Do you offer extra calcium on the side?
 
No I don’t give them anything extra for calcium, I will start giving them some. I got paranoid about feeding my chickens or quails egg shells. I used to smash them up for the chickens sometimes but they started eating their own eggs because of it. I’m just confused about the quail because there was a time a few months ago, with them on the same exact diet they are now where they were laying an egg a day for quite a while. Probably for a couple months. Then it slowed, then almost stopped entirely. The only change during that, was the weather warming up. Don’t know what caused them to stop.
 
I believe they are in need of extra calcium.
A bag of poultry oyster shell is very cheap and if you offer it in a dish on the side they will take what they need from the dish.

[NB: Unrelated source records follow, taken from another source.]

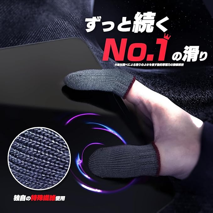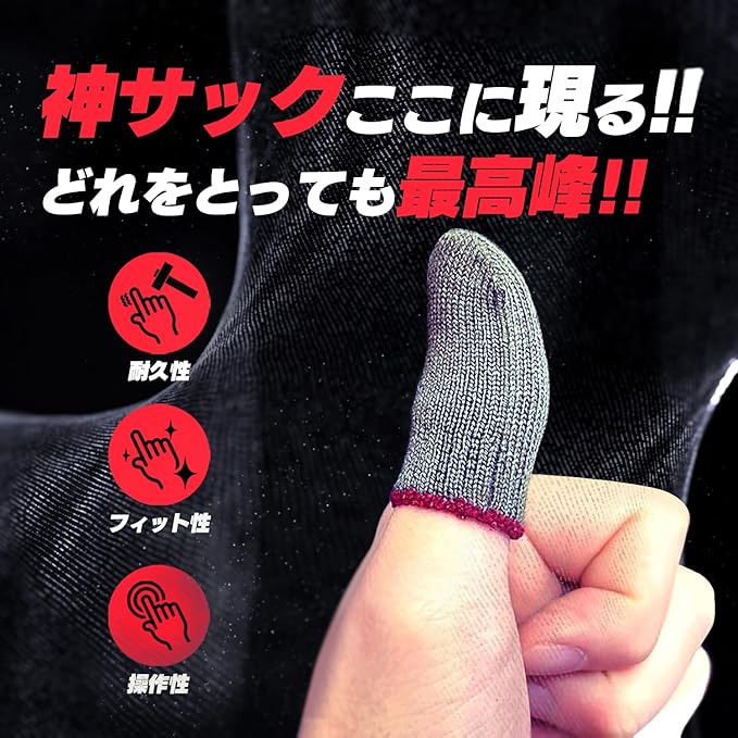 【DvS指サック】という世界一位のゲーマーが開発したこの元祖スマホゲーム用指サックは、滑りやフィット感・操作性・耐久性に最も長けています。日本一位のプロ選手も多数愛用しています。吸水性や速乾性も兼ねそろえており、唯一洗濯も可能な長寿命モデルです。
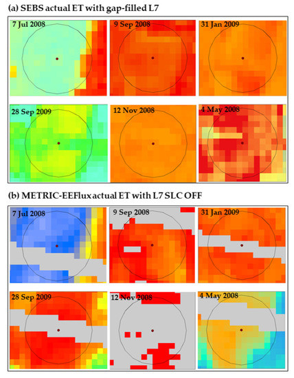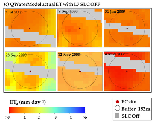 Figure 8 showed only those images where scanlines were observed over the flux site with the METRIC-EEFlux and QWaterModel based ET product. It illustrates that the use of intermediary products of METRIC-EEFlux also has no advantage if the scan line issue persists. Thus, gap-filling of METRIC-EEFlux end products is equally important to get a better ETa output over the rotational crop field to avoid different spatial ETa ranges by each model. The map also highlights the indifferent response by the QWaterModel-based ETa in the L7 SLC-off based product.
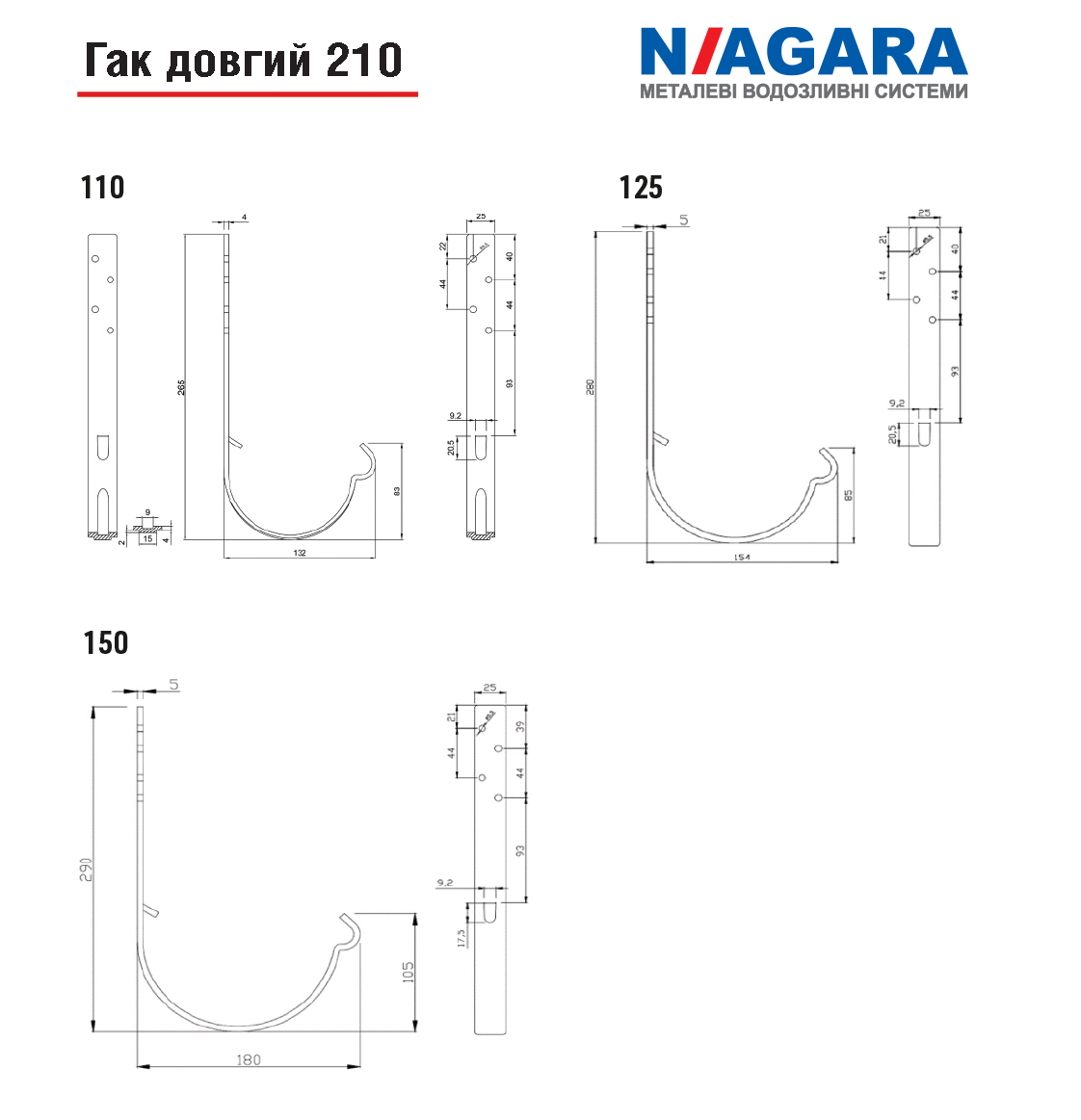 ПРИМІТКА: наразі гак довжиною 210 мм виробляється лише у розмірі 110.

Do not mix it with their feed.
 
No I don’t give them anything extra for calcium, I will start giving them some. I got paranoid about feeding my chickens or quails egg shells. I used to smash them up for the chickens sometimes but they started eating their own eggs because of it. I’m just confused about the quail because there was a time a few months ago, with them on the same exact diet they are now where they were laying an egg a day for quite a while. Probably for a couple months. Then it slowed, then almost stopped entirely. The only change during that, was the weather warming up. Don’t know what caused them to stop.
I do not believe this is true...that feeding egg shells causes egg eating.
Egg eating is usually caused by not getting a proper complete diet.

I also do not believe that feeding eggs shells back to the birds that have not been getting enough calcium to begin with is going to work out too well.
I really think it would be best to just buy the oyster shell for now.